憲法9条改正で脱原発の道を
憲法9条改正で脱原発の道を
2020年暮れ、町田は再び議員会館の江田の部屋にいた。野党再編でできた立憲党の代表になった江田の横には、幹事長の福川もいた。
「今日は、次の大政局に向けて一つの提案を持ってきました。

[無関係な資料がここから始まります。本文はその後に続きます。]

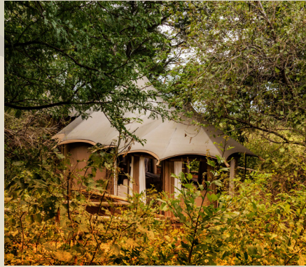
Arrival at Nambwa Tented Lodge

The Late afternoon's sun rays will reflect off the water's edge, the soothing sound of the water as it is gently broken by the bow of the boat cutting through the water's surface as you and your family are transferred to your home for the next 3 nights.

大政局は来年ある次の選挙後に来ます」
「もったいぶって、何?」
江田は、政策の話なのか政局の話なのかはっきりしろと、言いたげだった。
「折角、立憲党という名前にしたんですから、憲法9条の改正案を持ってきました。9条を改正して、自衛のために通常兵力を持つことと核兵器の開発・保持は永遠に放棄すると明記します。これにより、核兵器の開発につながる原発も新設を認めず、すべて廃棄していくことになります。憲法改正に伴い原子力基本法とかも廃止して原子力廃棄促進法で原子炉の廃炉と核のゴミ処理を進めます」
「ふむふむ。何となく狙いが見えてきたぞ」
「憲法改正だから、発議に衆参の三分の二が必要で、この憲法改正案に賛成する勢力での大連立を呼びかけます。一朝一夕にはいきませんが、自由安心党は、非核三原則は国是だと言い続けてきた政党です。『核兵器は、作らず、持たず』という国是を憲法に書くのに反対できますか? 核武装して米国と戦争する度胸なんかはなからないでしょう。この憲法改正が通れば、2021年に発効する核兵器禁止条約を日本が批准することもできます」
「確かに、そこは狙い目だよな」
「どうせ安全保障上は、核の傘なんてもうとっくに幻想ですからね。ついでに経済産業省は、脱原発・新産業省に改組し、原子力規制委員会は原子炉廃炉委員会にします。原発に代わる新産業を作り出すのは、これまで政策を間違えてきた官僚たちの宿題です」
町田は、いつになく饒舌だった。
「憲法改正ができたら、不平等条約である日米地位協定を改正して日本国内の米兵の行動に関する裁判管轄権を日本のものにするよう日米交渉で迫ります。もともと沖縄で海兵隊がどれだけ日本人を殺しても大統領が恩赦できるようにしている条項ですから。憲法改正を国民が選択し、日本は永久に核武装しないのだからと。沖縄再占領計画を米国が放棄して海兵隊が沖縄から出て行ってくれれば、辺野古も作る必要がなくなって一石二鳥なんですがね」
力説する町田に、江田は不敵な笑みを返すのだった。